Association analysis of repetitive elements and R-loop formation across species

Chao Zeng, Masahiro Onoguchi, Michiaki Hamada

Preprint posted on 10 November 2020

Article now published in Mobile DNA at

Looped in the repeats: correlating R-loops with repetitive genetic elements.

Selected by Sree Rama Chaitanya


R-loops are non-canonical three-stranded nucleic acid structures that are formed when the RNA hybridizes with the complementary DNA strand displacing the other strand free. The factors that influence the formation and genome-wide distribution of R-loops include several proteins involved in transcription, splicing, replication, recombination, DNA repair, and chromatin modifiers, etc. Additionally, R-loops tend to form at repetitive elements and skewed sequences (GC-skew and AT-skew). However, it is not clear if R-loops have any sequence bias in their genome-wide distribution among different species. Therefore, the authors of the current preprint looked into published datasets to understand the cis-regulatory elements associated with genome-wide R-loop distribution.

Schematic representation of the datasets used in the current preprint. Self-made using

Key findings

  1. The authors reanalyzed publicly available datasets generated in human cells (U2OS), fly (D. melanogaster embryos, S2 cells), and plants (seedling of A. thaliana) using different controls. They used R-loop (DRIP-seq) and nascent RNA profiles (GRO-seq) for the study. They observed that R-loops in plants tend to be longer (~998 nucleotides) than humans and fly (~414-618 nucleotides). Across the species, R-loops tend to enrich at gene promoters. Of note, plants harbor about 60% of the total R-loops at their promoters (and 0.2% at their introns). They also found a 70%, 24%, 39%, and 54% overlap between R-loops and transcribing regions in humans, fly embryos, S2 cells, and plants. However, when they analyzed further, flies tend to harbor R-loops more at intergenic regions (~90%) and possibly independent of transcription, suggesting the presence of trans R-loops.
  2. The authors report some species-specific differences. They show that human and plant R-loops were marginally enriched at ribosomal DNA and underrepresented at short interspersed nuclear elements (SINEs). But more enriched at retrotransposons and satellite DNA. This is in contrary to the fly genome that has underrepresented R-loops at the satellite DNA (they also notice some difference in R-loop genome-wide distribution in the fly genome between embryos and S2 cells, possibly reflecting the developmental stages).
  3. Overall, all the species analyzes showed a positive correlation between repetitive genetic elements and R-loop genome-wide distribution. In human cells, telomeres, centromeres, ribosomal DNA, and retrotransposons are enriched for R-loops. In the fly genome, Long interspersed nuclear elements (LINEs), Long terminal repeats (LTRs), and low complexity regions enriched for R-loops. However, in the plant genome, about half of the repeat families were enriched in R-loops; these include LINEs, LTRs, and low complexity regions, etc.

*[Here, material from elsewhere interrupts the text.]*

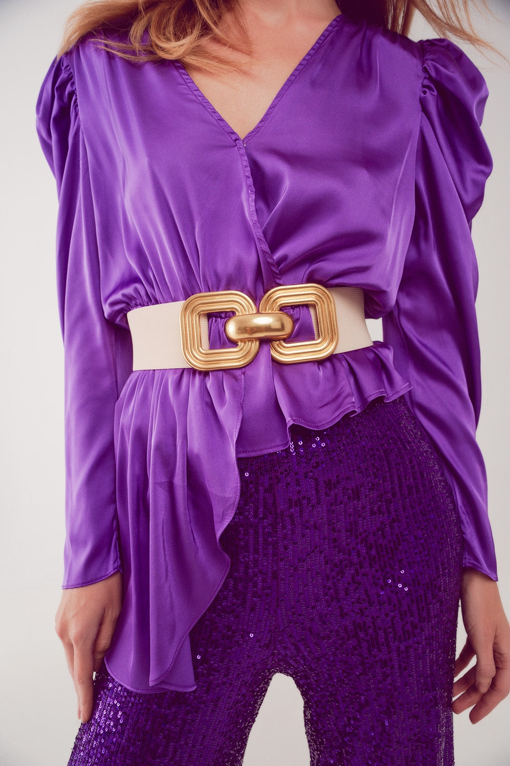 Blusa asimétrica con mangas abullonadas en morado

Either a cause or consequence, R-loops seem to play a crucial role in developmental pathways, cancer progression, and neurodegenerative diseases. Thus, many researchers are drawn to understand their precise physiological role. While most of the work in R-loop biology looked at trans-acting factors, here, the authors investigated the association of cis-regulatory elements or sequence determinants of R-loop formation. The authors found strong correlations between R-loops and repetitive DNA sequences reinforcing earlier studies.

(Note: I only highlighted the key findings of the preprint without commenting on the methodology. Anyone is free to comment on the methodology, in case the preprint excites you.)

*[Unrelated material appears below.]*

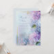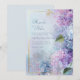 I have envisioned a celebration of soft, ethereal romance with this dreamy botanical composition. This design features lush clusters of lavender and periwinkle hydrangea that appear to float within a misty watercolor wash of violet and sky blue. A sophisticated thin gold frame provides a structured, high-end anchor for the organic blossoms, while delicate golden sprig accents and soft green leaves add a touch of whimsical garden magic. Imagine this atmospheric scenery as the romantic introduction to your whimsical spring wedding suite. It is the premier choice for a garden ceremony, a shabby chic reception, or an upscale outdoor summer event. To truly draw your guests into this tranquil vibe, I suggest printing this on heavyweight pearl shimmer cardstock to emphasize the luminous quality of the watercolor background. Pair it with a lavender envelope and a gold wax seal—it’s not just a wedding detail; it’s a curated heirloom that promises your guests a day of soft enchantment and floral beauty.

Acknowledgments: I am thankful to all the authors for their support, especially Chao Zeng for taking the time to comment on the preLight.




Tags: genomics, repetitive elements, rloops

Posted on: 28 December 2020 , updated on: 22 January 2021


Read preprint (3 votes)

Author's response

Chao Zeng (CZ) and others shared

1. Cancer cells may have a different set of aberrant R-loop pool. Why did the authors choose to use cancer cells (U2OS) for their analysis, rather than normal or transformed cells (like HEK293, IMR90, etc.)?  Do the authors think it would be a better strategy to complement their data?

CZ and others: We chose U2OS because the public R-loop data satisfying the stringent criteria (i.e., having biological replicates, INPUT, and RNaseH-treated samples) is limited. Our next work considers lowering the requirements to analyze more publicly available data, comparing the R-loop formation differences among various cell types (including normal or transformed cells).

2. Do lesser R-loops in plant introns reflect the average length of introns or the transcription rate of those genes?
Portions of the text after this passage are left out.